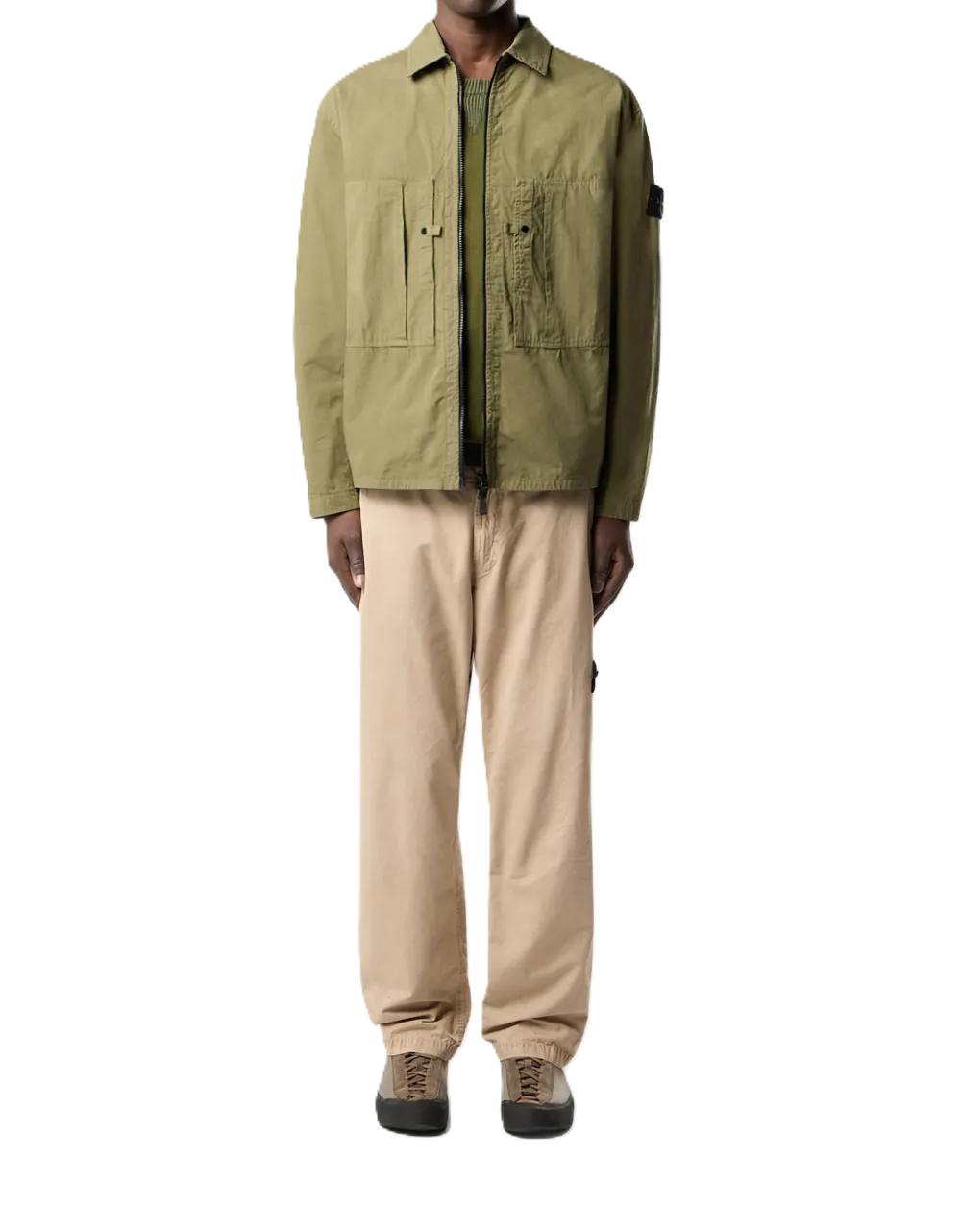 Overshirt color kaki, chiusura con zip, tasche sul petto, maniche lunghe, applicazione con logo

....

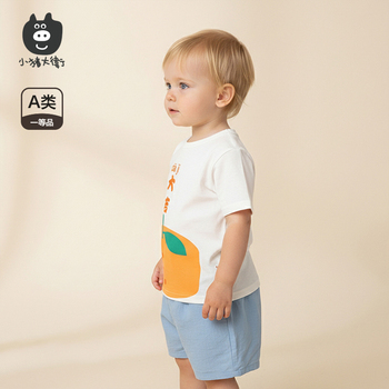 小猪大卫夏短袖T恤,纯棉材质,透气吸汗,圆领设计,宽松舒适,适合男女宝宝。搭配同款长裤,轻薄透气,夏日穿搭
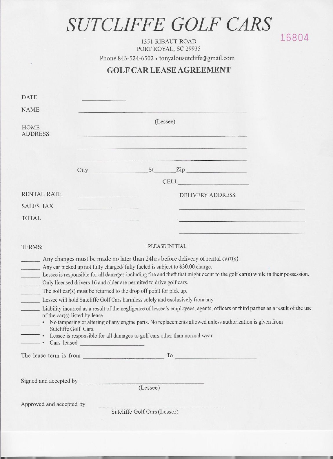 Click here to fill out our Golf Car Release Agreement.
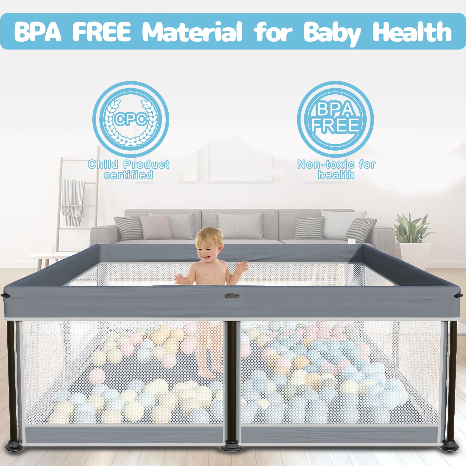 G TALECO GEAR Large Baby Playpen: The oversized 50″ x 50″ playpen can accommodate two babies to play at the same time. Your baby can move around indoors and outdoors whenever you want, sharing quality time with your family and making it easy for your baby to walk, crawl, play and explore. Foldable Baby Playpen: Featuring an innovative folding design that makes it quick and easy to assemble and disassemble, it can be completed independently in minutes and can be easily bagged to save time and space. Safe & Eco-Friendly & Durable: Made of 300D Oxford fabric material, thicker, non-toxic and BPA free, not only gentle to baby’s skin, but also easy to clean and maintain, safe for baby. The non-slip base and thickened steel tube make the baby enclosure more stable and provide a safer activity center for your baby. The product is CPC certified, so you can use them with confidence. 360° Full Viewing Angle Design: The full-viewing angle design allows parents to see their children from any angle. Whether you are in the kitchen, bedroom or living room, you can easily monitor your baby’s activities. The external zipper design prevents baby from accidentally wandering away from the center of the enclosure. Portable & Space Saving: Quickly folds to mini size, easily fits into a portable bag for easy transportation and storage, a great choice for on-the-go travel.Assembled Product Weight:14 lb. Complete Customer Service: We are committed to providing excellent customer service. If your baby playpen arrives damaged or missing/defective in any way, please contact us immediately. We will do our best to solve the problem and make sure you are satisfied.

....

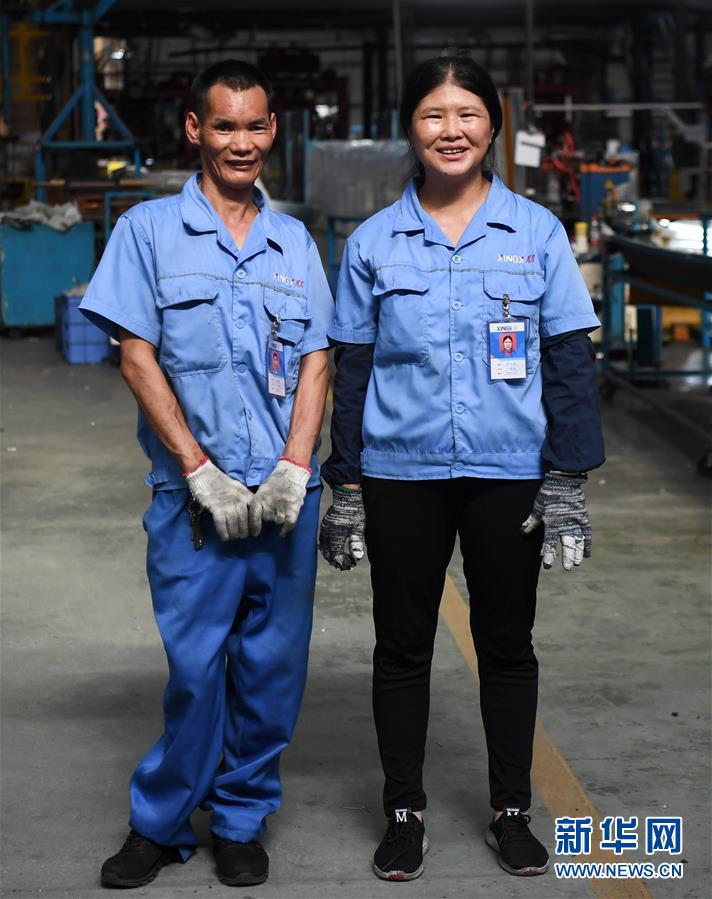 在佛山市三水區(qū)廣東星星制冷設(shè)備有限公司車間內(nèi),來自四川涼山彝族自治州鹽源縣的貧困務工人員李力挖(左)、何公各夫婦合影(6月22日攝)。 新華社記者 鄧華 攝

....

## EXERCISE DETAILS
Beginning at the line that has "小猪大卫夏短袖T恤,纯棉材质" and ending at the line that has "Click here to", restate the listing above word for word, pictures left out.

## TASK SOLUTION
 小猪大卫夏短袖T恤,纯棉材质,透气吸汗,圆领设计,宽松舒适,适合男女宝宝。搭配同款长裤,轻薄透气,夏日穿搭
 Click here to fill out our Golf Car Release Agreement.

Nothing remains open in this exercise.